Assuming the 90 days horizon Universal Insurance Holdings is expected to generate 1.45 times more return on investment than SBI Insurance. However, Universal Insurance is 1.45 times more volatile than SBI Insurance Group. It trades about 0.07 of its potential returns per unit of risk. SBI Insurance Group is currently generating about 0.0 per unit of risk. If you would invest  1,490  in Universal Insurance Holdings on September 4, 2024 and sell it today you would earn a total of  650.00  from holding Universal Insurance Holdings or generate 43.62% return on investment over 90 days.
Time Period3 Months [change]
DirectionMoves Together 
StrengthSignificant
Accuracy100.0%
ValuesDaily Returns

Universal Insurance Holdings  vs.  SBI Insurance Group

 Performance 
       Timeline  
Universal Insurance 

Risk-Adjusted Performance

6 of 100

 
Weak
 
Strong
Modest
Compared to the overall equity markets, risk-adjusted returns on investments in Universal Insurance Holdings are ranked lower than 6 (%) of all global equities and portfolios over the last 90 days. Despite nearly fragile basic indicators, Universal Insurance reported solid returns over the last few months and may actually be approaching a breakup point.
SBI Insurance Group 

Risk-Adjusted Performance

9 of 100

 
Weak
 
Strong
OK
Compared to the overall equity markets, risk-adjusted returns on investments in SBI Insurance Group are ranked lower than 9 (%) of all global equities and portfolios over the last 90 days. In spite of comparatively uncertain basic indicators, SBI Insurance may actually be approaching a critical reversion point that can send shares even higher in January 2025.
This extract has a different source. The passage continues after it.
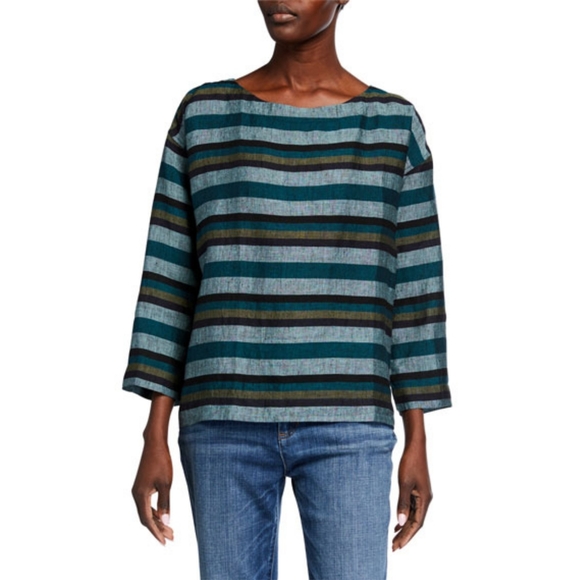 Eileen Fisher Tops | Eileen Fisher Teal eileen fisher striped linen top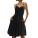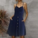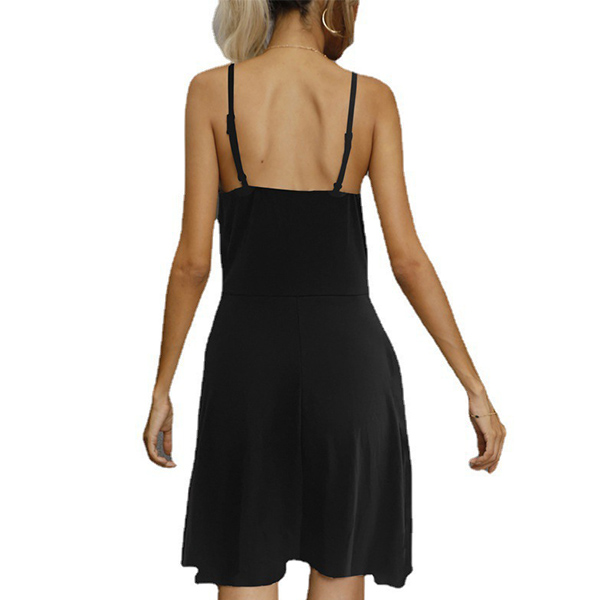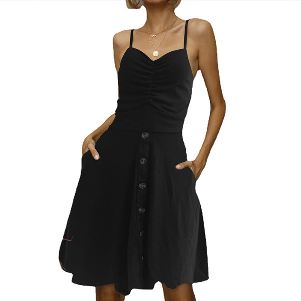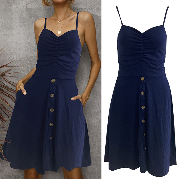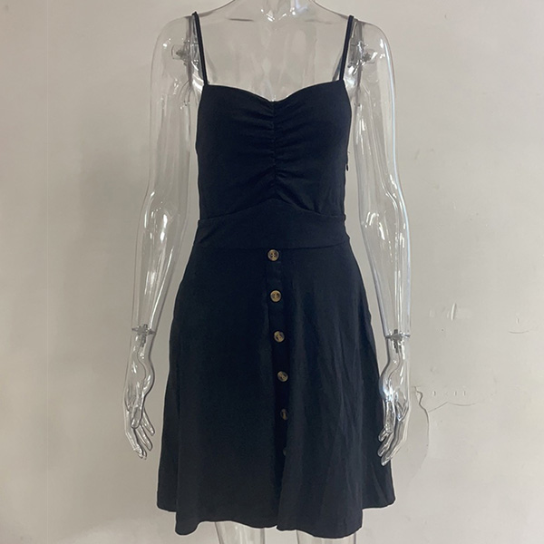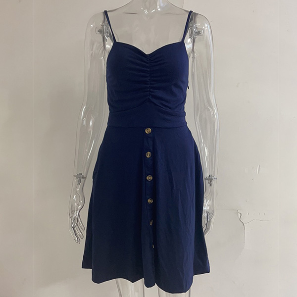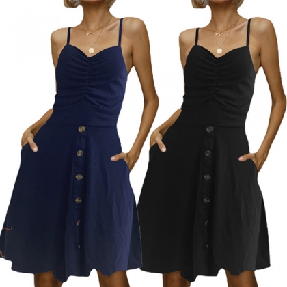 Fashion Solid Color V-neck Ruched Buttoned Slip Dress

Universal Insurance and SBI Insurance Volatility Contrast

   Predicted Return Density   
       Returns  

Pair Trading with Universal Insurance and SBI Insurance

The main advantage of trading using opposite Universal Insurance and SBI Insurance positions is that it hedges away some unsystematic risk. Because of two separate transactions, even if Universal Insurance position performs unexpectedly, SBI Insurance can make up some of the losses. Pair trading also minimizes risk from directional movements in the market. For example, if an entire industry or sector drops because of unexpected headlines, the short position in SBI Insurance will offset losses from the drop in SBI Insurance's long position.
The idea behind Universal Insurance Holdings and SBI Insurance Group pairs trading is to make the combined position market-neutral, meaning the overall market's direction will not affect its win or loss (or potential downside or upside). This can be achieved by designing a pairs trade with two highly correlated stocks or equities that operate in a similar space or sector, making it possible to obtain profits through simple and relatively low-risk investment.
Check out your portfolio center.
Note that this page's information should be used as a complementary analysis to find the right mix of equity instruments to add to your existing portfolios or create a brand new portfolio. You can also try the Portfolio Diagnostics module to use generated alerts and portfolio events aggregator to diagnose current holdings.